The Wagner Act of 1935 guaranteed the right of workers to organize labor unions. It also aimed to protect the right of employees to bargain collectively with their employers. The statute defined types of interference with these rights as unfair labor practices and empowered the NLRB to compel employers to halt such practices. Employers across the nation resisted the statute and it could not be applied to manufacturing companies, given the Court’s interpretation of congressional power over interstate commerce.

The Wagner Act — the Magna Carta of the American Labor Movement — revolutionized employer-employee rights and relations. The Jones & Laughlin ruling revolutionized the Court’s jurisprudence. It transformed the labor market and the workplace and, in the process, expanded congressional power over interstate commerce to new frontiers. One prominent scholar on the scene assessed the impact of the decision within the context of a series of cases that reversed rulings and upheld President Franklin D. Roosevelt’s New Deal programs and concluded that the Court was engaged in a “Constitutional Revolution, Ltd.” Certainly Justice Robert H. Jackson was correct in characterizing the landmark ruling as the most far-reaching victory ever won on behalf of labor in the Supreme Court.
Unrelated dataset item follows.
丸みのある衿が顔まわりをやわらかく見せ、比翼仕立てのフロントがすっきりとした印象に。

The key provision in the Wagner Act involved the authorization of the NLRB to prohibit any person from engaging in any unfair labor practice that “affected commerce.” The Jones & Laughlin Steel Company was huge. It was the nation’s fourth-largest steel producer, employed more than 22,000 workers and owned iron ore, coal and limestone properties in several states, as well as railroad and shipping subsidiaries. In a word, it boasted integrated operations across America. It was also a strong opponent of labor unions. The NLRB filed charges against one of the company’s plants in Pennsylvania for firing some 20 union supporters before an election in 1935. The Labor Board declared, “There is an exceedingly vicious history of terrorism in this community.” The question before the Supreme Court was whether these unfair labor practices had a sufficient effect upon commerce to justify congressional control.

Before Jones & Laughlin, the Court had in several rulings regarded mines, mills and factories as engaging in activities that it categorized as “local” in nature and subject to state regulation. Consequently, they were immune to congressional regulation under the Commerce Clause. Congressional authority in the realm or stream of commerce was limited to those activities that transcended state boundaries.
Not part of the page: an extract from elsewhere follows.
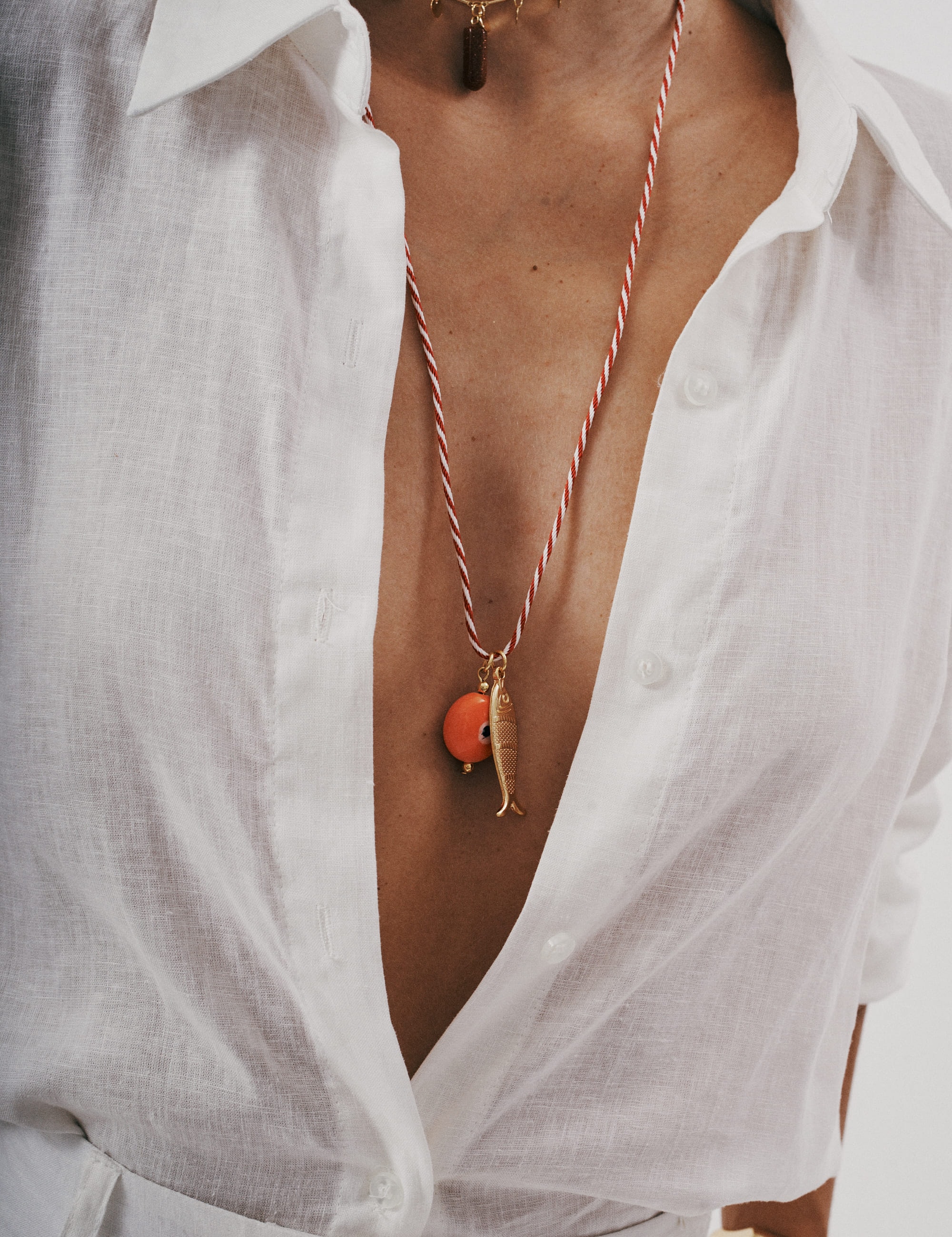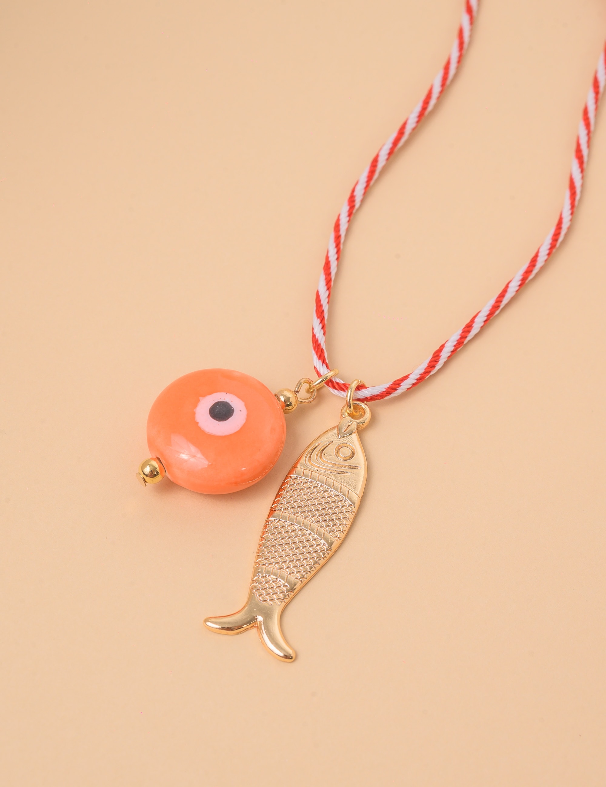Colar com cordão torcido e pingente de peixe banhado a ouro com detalhe de olho grego laranja. Uma peça moderna e vibrante, ideal para destacar o visual com elegância e um toque de proteção.

The consequences of the Court’s ruling — for employers and employees and, indeed, for the life of the nation — generated vast and intense public interest. More than 1,000 people stood in line, hoping to squeeze into the 220 seats in the courtroom to hear what the High Tribunal would decide.
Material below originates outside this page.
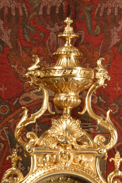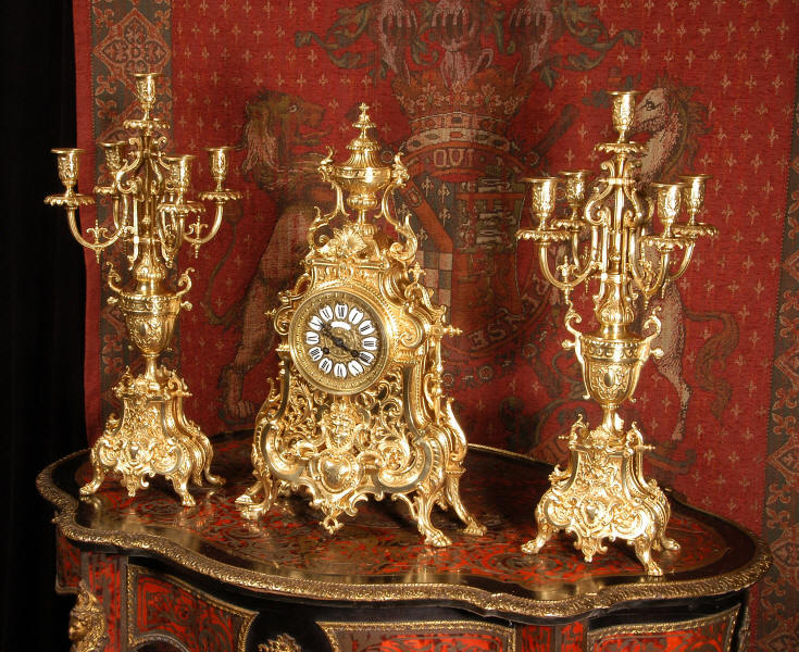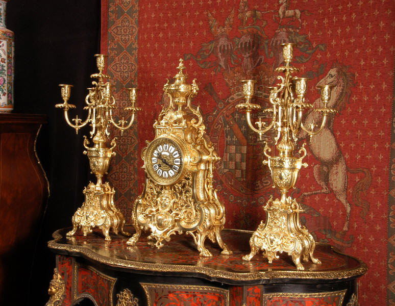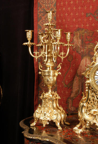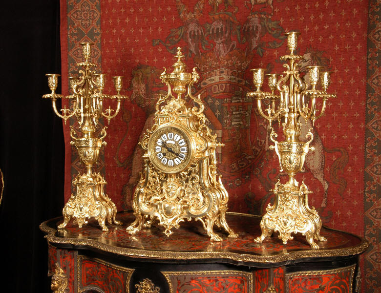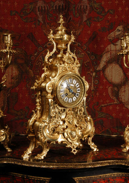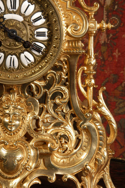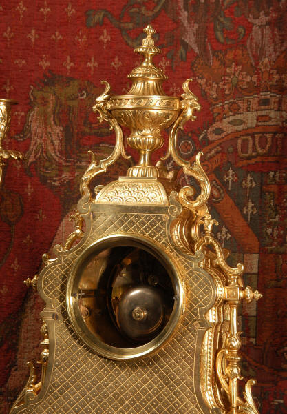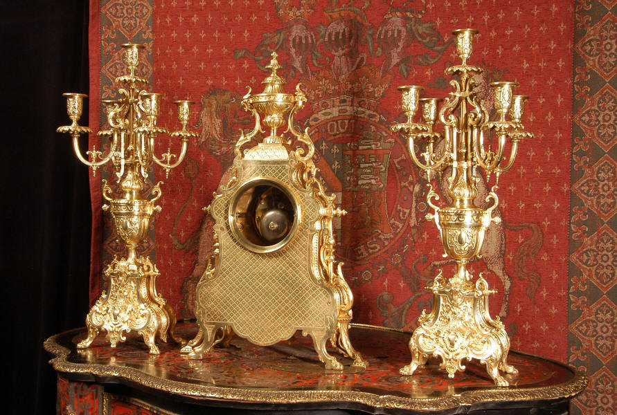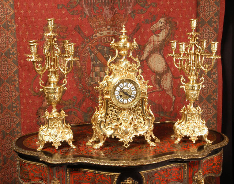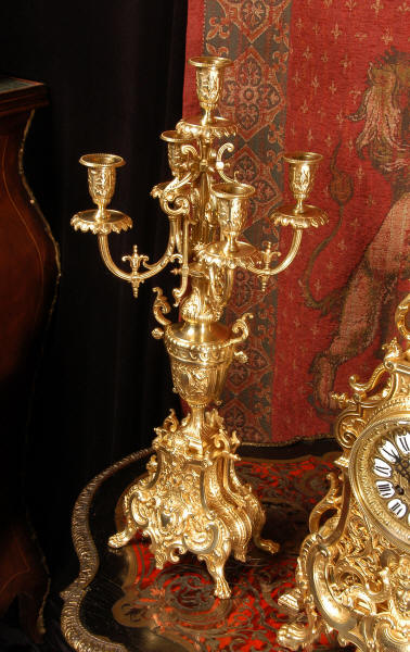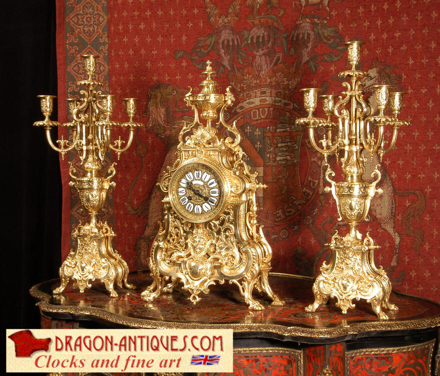 ~ French - Circa 1870 ~ ~~ Excellent condition ~~ A very finely detailed gilt brass clock in excellent condition, the original gilding is in lovely bright and clean condition. It is modelled in the Baroque style with hairy paw feet, lions mask above the dial, goddess mask below the dial and mythical creatures to each sides of the urn. It is profusely decorated with flowing foliage, particularly the front of the clock which is elaborately blinded fretted. Candelabra have matching bases mounted with handled urns and four branches. This is a beautifully modelled and finished clock set in very good condition. The large dial is cast brass and has an egg and dart bezel fitted with convex glass. It is mounted with 13 enamel cartouches, one for each hour and one for the retailers name below the 12 o'clock. The rear door is also glazed to allow the movement to be seen. The French movement is of excellent quality and has the Samuel Marti 'Medaille De Bronze' mark on the movement backplate. It is in excellent clean and running condition having been fully overhauled and tested by our clockmaker. Pendulum is original. It runs for 8 days and strikes the hours and halves on a coiled gong. Click the movie below to hear the gong strike and watch the clock running! Condition of the case is

Chief Justice Charles Evans Hughes, a former Governor of New York, U.S. Secretary of State and Republican presidential candidate in 1916 (in short, one of the most famous Americans of his time), wrote for a 5-4 majority that upheld the Wagner Act. He began his magisterial opinion by saying said that those previous decisions that viewed labor relations as purely “local” activities “are not controlling here.” Hughes described Jones & Laughlin’s “far-flung activities” as immediate, with direct and indirect effects on the life of the nation. The effects could be “catastrophic.”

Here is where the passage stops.